Asynchronous replication captures changes to any files managed by the server Operating System (OS) at a byte level by installing a File-System Filter Driver, which filters all transactions sent to the file system. Through a few simple rules (e.g. "ignore reads"), the filter driver captures a copy of each transaction and sends it to a system service or daemon. The system service or daemon then transmits it via TCP/IP to the target server.

Specifically, the data flows from the application layer, the software located in Layer 7 of the network, to the File System in virtually "real time." Next, data moves to the hardware as the storage solution is ready to begin transmitting across the network as bandwidth becomes available. Irrespective of which application is creating the data change (i.e. Oracle, SQL, Exchange, Web-Services or File-Sharing), the file system write appears the same when the OS views it. This approach ensures that the data replication is completely independent of the application.
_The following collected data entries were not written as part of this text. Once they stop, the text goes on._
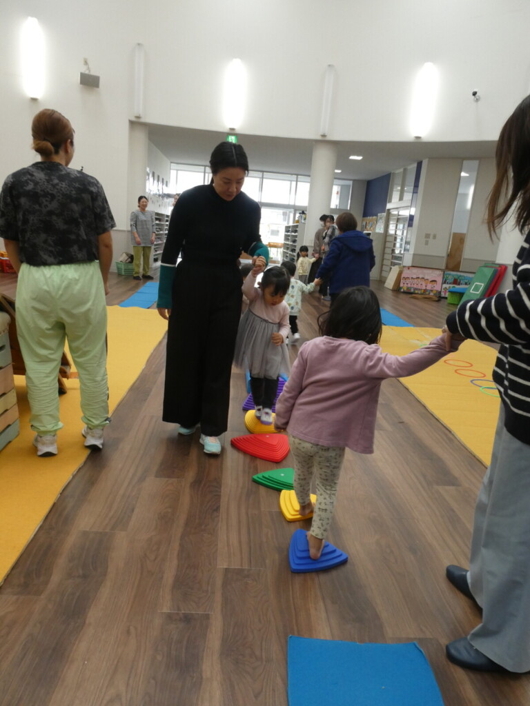 カラフルな飛び石を歩いたり、たーくさん体を動かしました。
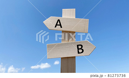 AとBの文字入りカラー道しるべと青空_真ん中
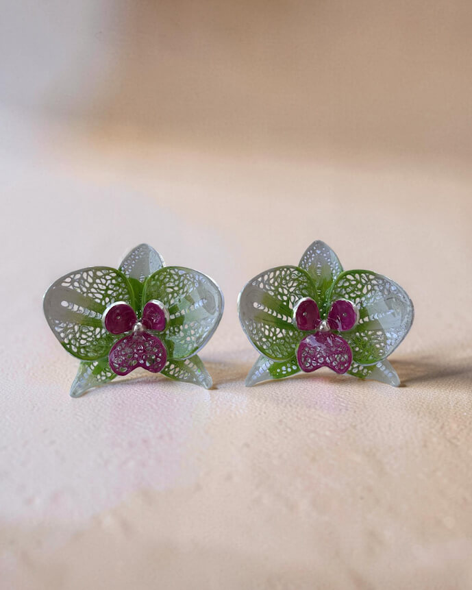 Los Aretes Cattleya están inspirados en una de las orquídeas más emblemáticas del Ecuador. Elaborados a mano en filigrana de plata con esmaltado translúcido, cada pieza captura la forma, el color y la delicadeza de una flor viva.

Replication solutions are generally hardware independent, so it does not matter whether a Windows 2000 operating system is storing data on a SAN or its own storage drives. While the asynchronous nature of replication may lead one to think the replicated data is not as current as the production data, this is inaccurate. In many environments, particularly large databases, the I/O demands on the production disk are significantly higher in reads than writes. As a result, the small percentage of write I/O is actually replicated with insignificant latency to the target. However in the limited case that there is a constant flow of writes to the production disks and the amount of actual bytes changed is greater than the bandwidth of the connecting pipe, the replicated data may be a few minutes behind the production data.